中国の科学者は月探査機「嫦娥5号」が持ち帰った月の土壌の研究に基づき、新たな月熱変化モデルを打ち出した。現在から20億年前にも月の火山活動が続いたのはなぜかという、学術界の大きな謎を解明した。
中国科学院地質・地球物理研究所の陳意(チェン・イー)研究員は、「月は約45億年前に形成され、その質量は地球の約1%に過ぎなかった。これほど小さな天体は理論上、急速に冷却され、すぐに火山活動が停止し、『死の星』になるはずだ。ところが昨年10月、中国の科学者は、嫦娥5号の玄武岩の研究により、月の火山活動が20億年前まで続いていたことを発見した」と説明した。
月の玄武岩は、月のマントルの溶融によって形成されたマグマが、火山噴火により月面に出て冷却により結晶化された岩石だ。世界の学者は冷却を続けるマントルの一部の溶融に対して2つの仮説を打ち出した。一つは、放射性元素の発熱により月のマントルの温度が上昇したという仮説で、もう一つは水の含有量が多ければ月のマントルの融点が下がるという仮説だ。

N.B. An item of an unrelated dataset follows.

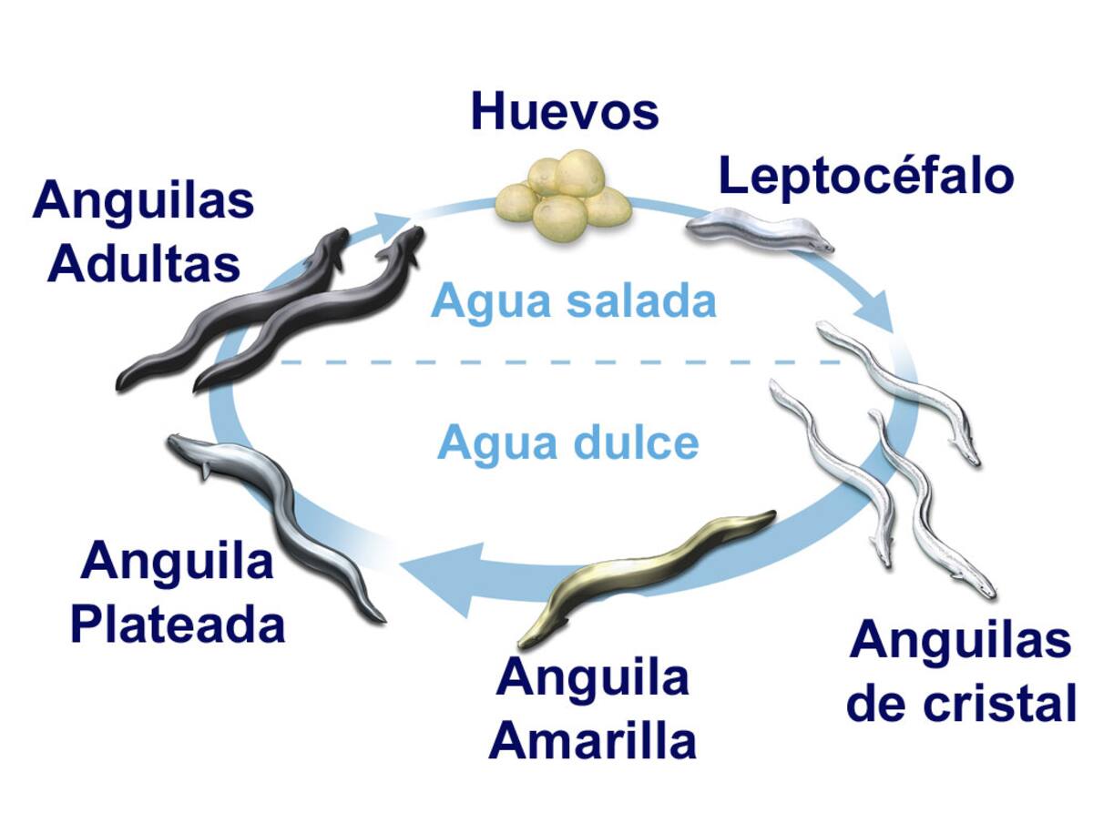 Hoy sabemos que el ciclo de vida de las anguilas consta de cinco etapas: larvas leptocéfalas, angulas, angulones, anguilas amarillas y anguilas plateadas.

だが中国の科学者は嫦娥5号の玄武岩の研究により、月のマントル領域に放射性発熱元素が豊富に含まれず、しかも非常に「乾燥している」ことが明らかになり、上述した2つの仮説を否定した。そのため月の火山活動がなぜこれほど長く続いたかは、月の研究における新たな謎になった。
この問題について、陳氏は科学研究チームを率い27点の代表的な嫦娥5号玄武岩片を選び、新たに研究開発された走査型電子顕微鏡スペクトル定量化スキャン技術により岩片のすべての主要成分を分析した上、一連の岩石学および熱力学シミュレーション計算と結びつけ、嫦娥5号玄武岩の原始マグマ成分の復元に成功するとともに、アポロのサンプルの原始マグマと比較することで、その起源の深度と温度を推定した。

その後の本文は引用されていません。